In this paper, our focus is on decoding (superficial) emotions by examining the correspondence between facial expressions and emotions based on Ekman’s definition [1,11] and within the broader context of Western culture. The reported results for facial emotion recognition using computer models show a good maturity of technology [12]. However, after the COVID-19 pandemic, the use of surgical masks in social environments has become a regular behavior. In this context, the use of facial masks significantly reduces the visibility of important facial features, making it more difficult to accurately perceive emotions. In Figure 1a, the facial muscles that are used by humans to manipulate facial expression are depicted. Following Ekman’s taxonomy and Facial Action Coding System (FACS), muscle engagement obeys specific Action Unit (AU) codes, as shown in Table 1. Each code represents the transition from a neutral state to the expression of the related emotion. In Figure 1b, we can observe that several muscles are hidden by the use of a mask, but there are many others, related with AUs from the top area of the face, as in Table 1, that remain visible and allow the decoding of emotional expressions.

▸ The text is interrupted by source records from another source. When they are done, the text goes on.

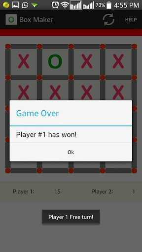 A classic box making game we used to play during school or colleges. It is a two player game played on same device; Player who completes maximum boxes at the end will win. Have fun with your friends.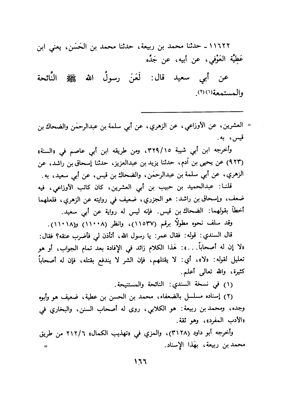 ١١٦٢٢ - حَدَّثَنَا مُحَمَّدُ بْنُ رَبِيعَةَ، حَدَّثَنَا مُحَمَّدُ بْنُ الْحَسَنِ يَعْنِي ابْنَ عَطِيَّةَ الْعَوْفِيَّ، عَنْ أَبِيهِ، عَنْ جَدِّهِ، عَنْ أَبِي سَعِيدٍ قَالَ: " لَعَنَ رَسُولُ اللهِ صَلَّى اللهُ عَلَيْهِ وَسَلَّمَ النَّائِحَةَ وَالْمُسْتَمِعَةَ (١) " (٢)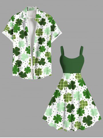 Plus Size Plaid Four Leaf Clover Pin Dot Print St. Patrick's Day Hawaii A Line Tank Dress - Green - 4x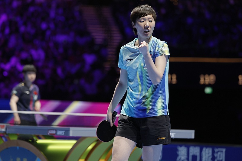 北京時間4月5日晚,國際乒聯(lián)單打世界杯女單決賽,孫穎莎4-1戰(zhàn)勝王曼昱,衛(wèi)冕冠軍,實現(xiàn)該項賽事“三連冠”。(總臺記者 劉冰清)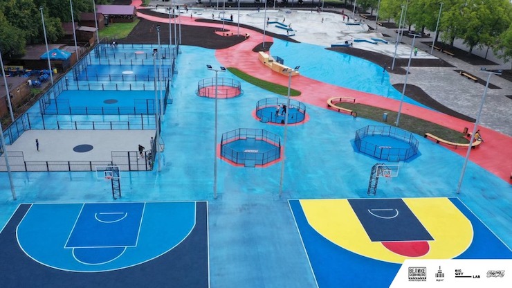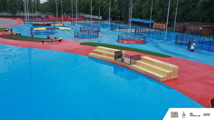 Зокрема, тут створили покриття, зручні для пересування на візку, сидіння різної висоти, зони активностей для різного віку, тренажери для людей на візках. Всі поверхні розташовано на одному рівні, а дизайн-код передбачає контрастні кольори, що дозволяє легко пересуватися скейтерам із поганим зором.

Additionally, masks may also create wrinkles or lines on the face, which could be interpreted as conveying a different emotion than the one intended. This poses a problem for humans but also for machines. In this paper, we proposed to benchmark a popular computer vision framework, using a dataset of human faces with superimposed artificially generated facial masks, in a facial emotion classification task.

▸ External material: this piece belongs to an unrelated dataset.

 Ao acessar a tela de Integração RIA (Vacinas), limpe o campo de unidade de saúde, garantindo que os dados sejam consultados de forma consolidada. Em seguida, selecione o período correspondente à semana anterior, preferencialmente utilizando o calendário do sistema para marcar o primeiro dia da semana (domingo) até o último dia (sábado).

2. Computer-Vision Based Facial Emotion Recognition

There are many distinct emotions that human beings can interpret; however, besides “neutral”, there are six that are considered primary emotions: sadness; fear; anger; disgust; surprise; and happiness. These emotions are more easily interpreted by humans, since they have very different facial movements and expressions between them [6].

Computational classification of facial emotions is an interesting and challenging process since no two facial expressions are the same. The facial expression is a “revelation” made by a human being in a natural way, where the individual expresses what they are feeling at a given moment. However, despite not considering that there are equal facial expressions from people to people, it is possible to find computational mechanisms that recognize certain characteristics/points in each of our facial expressions and assign them a certain value.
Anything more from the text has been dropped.